Make your video search intelligent using Databricks and LangChain

8 min readApr 18, 2023

Background: I often have a long list of things I want to learn — as do most people. As a parent with a toddler, time is incredibly valuable to me, so I am always looking for ways to improve my learning efficiency. The recent innovations in LLMs — including the tooling, models, and platforms that enable them — presented me with an opportunity. I wondered if I needed to create my own personal assistant to improve my ability to learn quickly (inspired by the slew of recent innovations). Certainly, like everyone else, I’ve entertained the idea of using tools like ChatGPT to help with my learning. It is, to an extent, helpful but it is also largely constrained by me. Let me explain.

I have noticed that most GPT-like models struggle to give me high-quality pointed responses without specific contextual information. As the questions become increasingly narrow, such as when seeking specific knowledge, responses from these models are generic and become less helpful. This is not to discredit the usefulness of such services in general, but rather to highlight their limitations during a deep discovery phase, such as when exploring a topic in greater depth after superficially enjoying it. The expectation that the user will provide the right context for such models often creates an unnecessary burden, especially when the user is not sure where to begin. This is problematic because the quality of the response and the context provided go hand in hand. Therefore, generating a high-quality response using a generative model requires the ability to provide the right context as the first step.
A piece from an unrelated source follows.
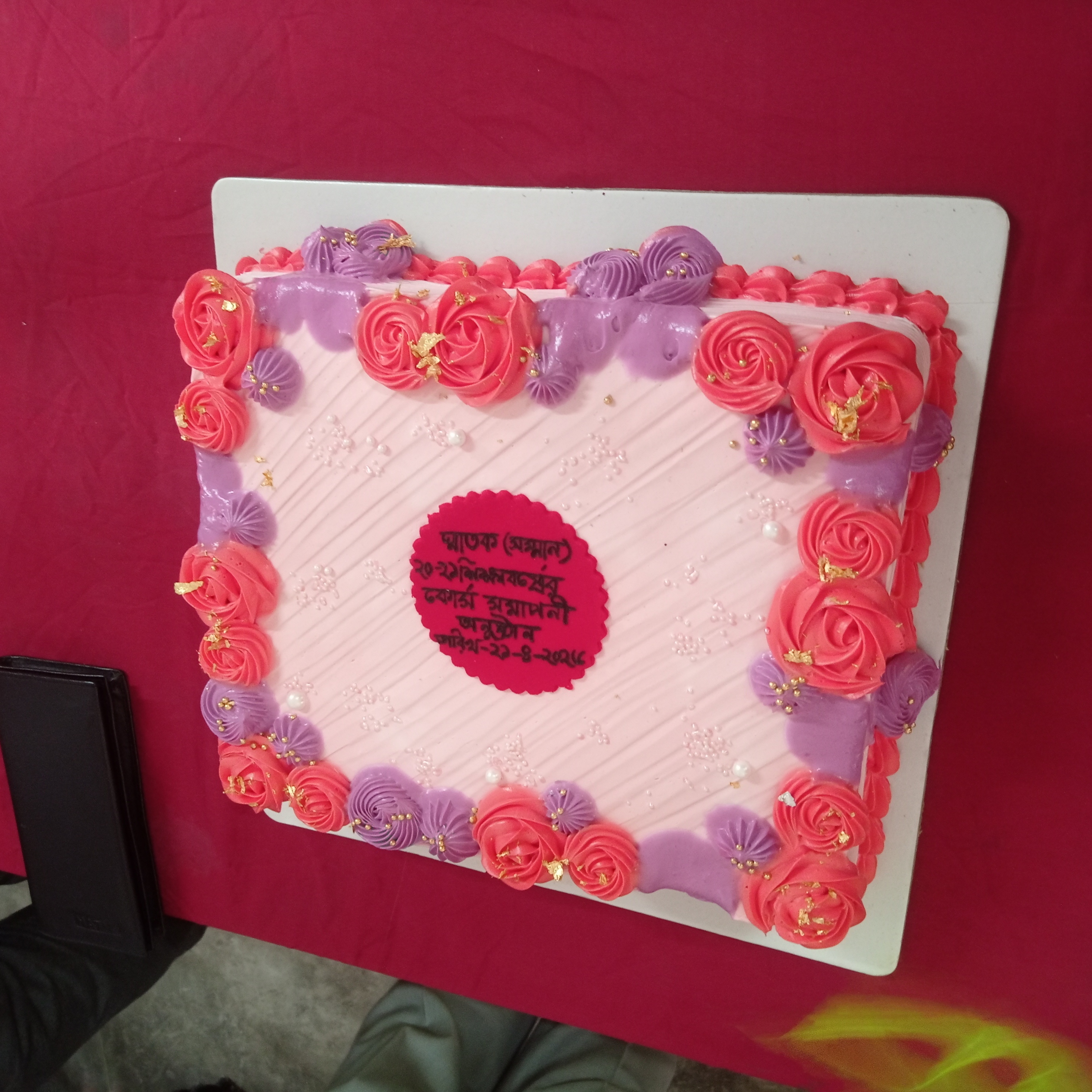 From the Bangla department for us. Lunch was served with small gifts. And we all cut a very beautiful cake at the farewell party. The cake was very good, everyone was very happy. After that, we all took a group picture. I also took several pictures with my girlfriend because these will be saved on the right page.

However, equally important is the ability to locate and extract the necessary information for the context. This is where most systems falter, as they rely on simple text-based document formats instead of comprehensively searching through rich media, dense with information, such as videos and audio. It is important to challenge these untested assumptions as they have influenced the collective thinking in the development of vital A.I. applications, by exploring and utilizing rich media sources to produce high-quality responses.

Concept: As far as our specific project is concerned, we’ll build a real-time semantic search application based on YouTube videos published on the Databricks YouTube channel. Why Databricks? Simple. It’s something I can continue to use beyond this demo/blog. I want to build something useful for myself. Since I work @ Databricks, it goes without saying that this will be useful for me & my co-workers. Also, like many others, my general learning strategy is to rely on multiple modes of learning, usually starting with videos. Given this, the Databricks YouTube channel is a perfect fit.

Additionally, pointed search systems like the one we will create offer significant improvements in the perceptible quality of search results compared to watered-down generic search systems. Generic systems are often plagued with non-specific, clickbaity content that drains our time and energy without providing much precision. In contrast, the Databricks channel has highly curated content published by smart people who undoubtedly spend a considerable amount of time ensuring quality. This alone is a huge advantage for us, among other benefits. If we could ensure quality of the content we consume by “automatically reading through” everything before we consume it, we save a huge deal of time & energy for ourselves. That is exactly what we’ll set out to achieve.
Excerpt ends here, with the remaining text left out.